If you want to rationalize it, it's possible that only storm bolters are rifled (as shown in the 3rd Edition), to allow for increased penetrating power at very close ranges. Given the doctrine of terminators engaging at close range, this would make some sense.
 

·
Registered
Joined
·
3 Posts
I think their armour is too bulky to have the wearer look down the sight (look at mk 8 errant and grey knights aegis power armour), so maybe that useless inch wide sight holds a camera in it hooked up to the helmets interface.

couldn't they also curve the bullet?
 

·
nice boy, daft though !
Joined
·
10,212 Posts

·
Registered
Joined
·
3,271 Posts
http://en.wikipedia.org/wiki/Gyrojet

"The Gyrojet is a family of unique firearms developed in the 1960s named for the method of gyroscopically stabilizing its projectiles. Rather than inert bullets, Gyrojets fire small rockets called Microjets which have little recoil and do not require a heavy barrel to resist the pressure of the combustion gases. Velocity on leaving the tube was very low, but increased to around 1,250 feet per second (380 m/s) at 30 feet (9.1 m). The result is a very lightweight weapon."

In the 60s the bullets could reach almost 400m/s. Think what they can do 20000 years from now. Also they were more accurate due to gyroscopic stabilization and had extremely low recoil.

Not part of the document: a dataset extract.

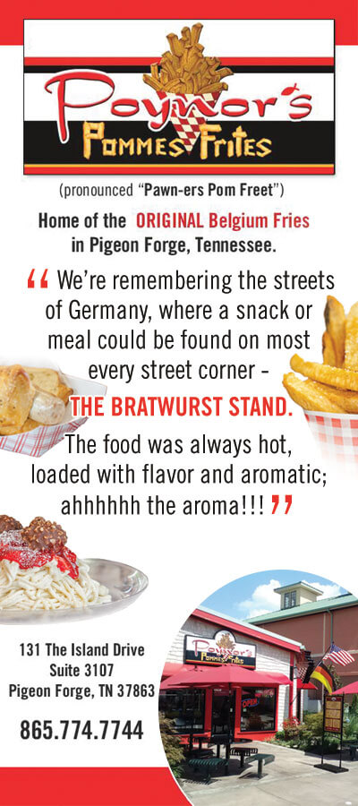 Now you can visit The Island in Pigeon Forge and enjoy A Taste of Europe. Specialty Items Include: Authentic German Bratwurst, Pommes Frites / Belgian Fries, Original Made-In-House Dipping Sauces, Fresh Baked Brötchen (German Hard Rolls) and Spaghetti Ice. Stop in and visit. We’re located under the Great Smoky Mountain Wheel on the right side of the development.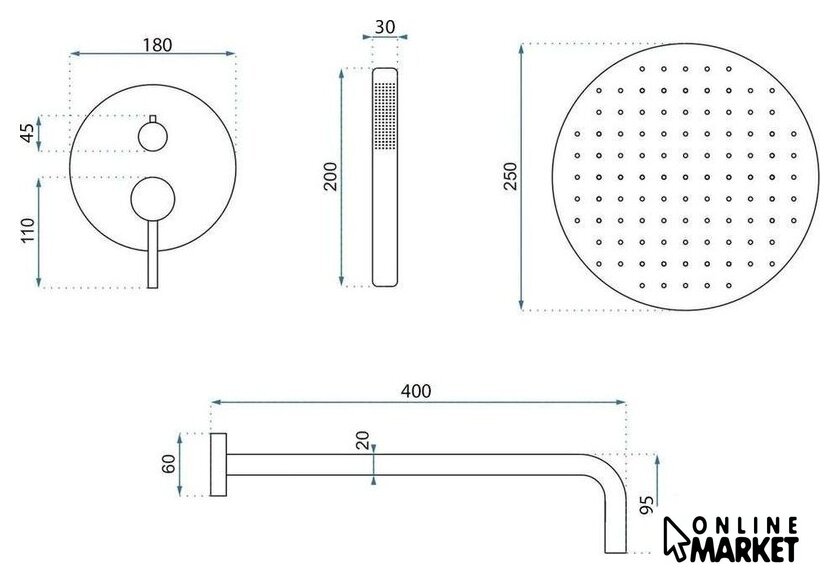 | Форма верхнего душа | круглая |

Thats how a bolter works. Its a big gyrojet machine gun 20000 years in the future.
 

·
Registered
Joined
·
7,314 Posts
Just making note. I do not care if they have an in helmet reticule to help aiming at the hip easier. It is still more effective to aim from your shoulder and down your sites.
Your example is inherently flawed as you don't know what kind of targeting software they're running. A pilot is not looking down the barrel of his gun when he fires, but it hits the target he's aiming at. Why? Because the software know he's not looking down the barrel of his gun and compensates.

You're imposing what is more effective for you, not for a Space Marine. You should not conflate the two as you're not a Space Marine.

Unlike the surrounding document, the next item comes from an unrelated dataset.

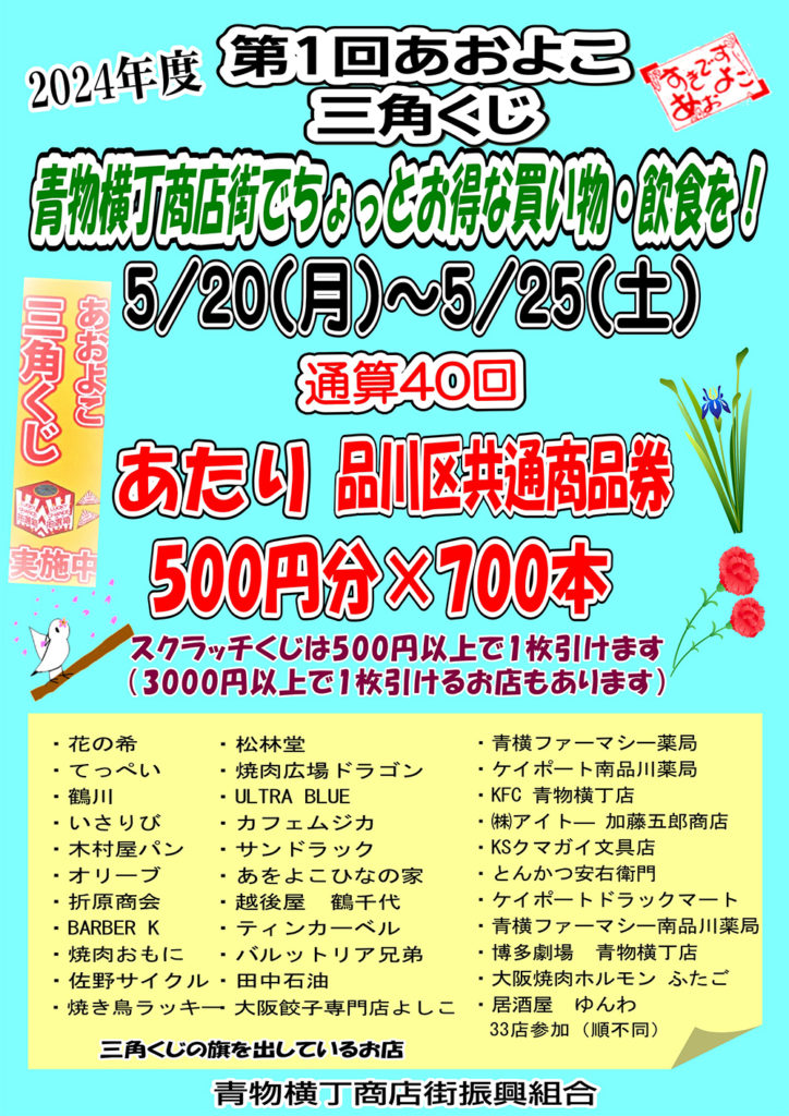 5/20(月)~5/25(土)2024年度 第1回あおよこ三角くじ 開催!by aoyoko-adminin > 商店街からのお知らせon 投稿日: 2024年5月15日2024年5月15日 2024年5月20日(月)~5月25日(土)、「2024年度 第1回あおよこ三角くじ」を開催! 商店街のお店でお買い物をして、スクラッチくじを引いて、品川区共通商品券を当てよう! イベントの詳細は以下のポスターをご確認ください。 ページを印刷する

I've you've never written software for targeting computers in jet fighters your argument is void.
 

·
Banned
Joined
·
7,889 Posts
The only problem with not having the weapon into the shoulder is stability which has an effect not only on the individual accuracy of a given round but also the precision of a group of rounds.

Holding a weapon by your side is not stable because it is designed to be in your shoulder.

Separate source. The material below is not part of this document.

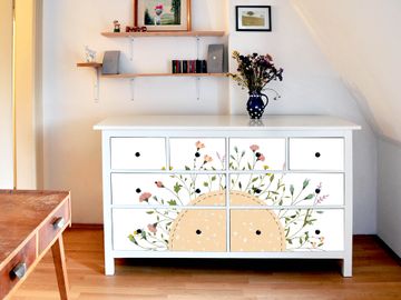 FUNKTION: Die banjado Möbelfolie mit Motiv Hibiskus Kreis zaubert im Handumdrehen aus Ihrer Ikea HEMNES Kommode ein individuell gestaltetes Unikat. Verziert mit einem traumhaften Motiv verbindet die HEMNES Kommode jede Menge Stauraum mit ansprechendem Design. Die gezeigte IKEA HEMNES Komode ist nicht im Angebot enthalten. DESIGN: Die banjado Klebefolie gestaltet Ihr Ikea Möbelstück völlig neu. So passt sich die HEMNESKommode verschiedenen Einrichtungsstilen an. Lassen Sie Ihrer Kreativität freien Raum, wir helfen Ihnen bei der Umsetzung. DETAILS: Der banjado Hibiskus Kreis Möbelsticker ist selbstklebend und wird Ihnen bereits fertig zugeschnitten geliefert. Sie können Schritt für Schritt jede Schublade einzeln bekleben, eine detaillierte Verklebeanleitung liegt selbstverständlich bei. Die Folie ist mit einem zusätzlichen Laminat überzogen, dass Ihr Möbelstück zusätzlich vor Kratzern schützt. NUTZEN: Sie können die banjado Möbelfolie wunderbar nutzen, um abgeplatzte, schmutzige oder unschöne Stellen an Ihrer Malm Kommode zu überdecken. Mit einem wechselnden Design können Sie Ihren Einrichtungsstil ändern oder aus einer Kinderkommode eine Flurkommode gestalten. Alle verwendeten Farben sind lösungsmittelfrei. BANJADO: Ihre Design Folie wird in Sachsen in einer kleinen Manufaktur angefertigt und verpackt. Wir legen großen Wert auf die Verbindung von Funktionalität und Design.

If however the weapon is designed to be held rock solid in a servo actuated suit of power armour and aimed by an off axis designator then it really doesn't matter where you hold it. Just like a fighter plane's machine guns in the wings, like Aramoro says.
 

·
Embrace the Insanity
Joined
·
1,159 Posts
Just making note. I do not care if they have an in helmet reticule to help aiming at the hip easier. It is still more effective to aim from your shoulder and down your sites.
But that's the thing, the link from their helmet to their gun is exactly the same as looking down the sights. there is no difference. If they did hold the butt to their shoulder they would just be seeing the same thing as what is in their helmet. Which would look pretty weird as well.
 

·
Banned
Joined
·
7,889 Posts
But that's the thing, the link from their helmet to their gun is exactly the same as looking down the sights. there is no difference. If they did hold the butt to their shoulder they would just be seeing the same thing as what is in their helmet. Which would look pretty weird as well.
They wouldn't actually see the view of looking through the sights tho' you'd just see a target reticule superimposed over your normal vision, like a heads up display in a fighter.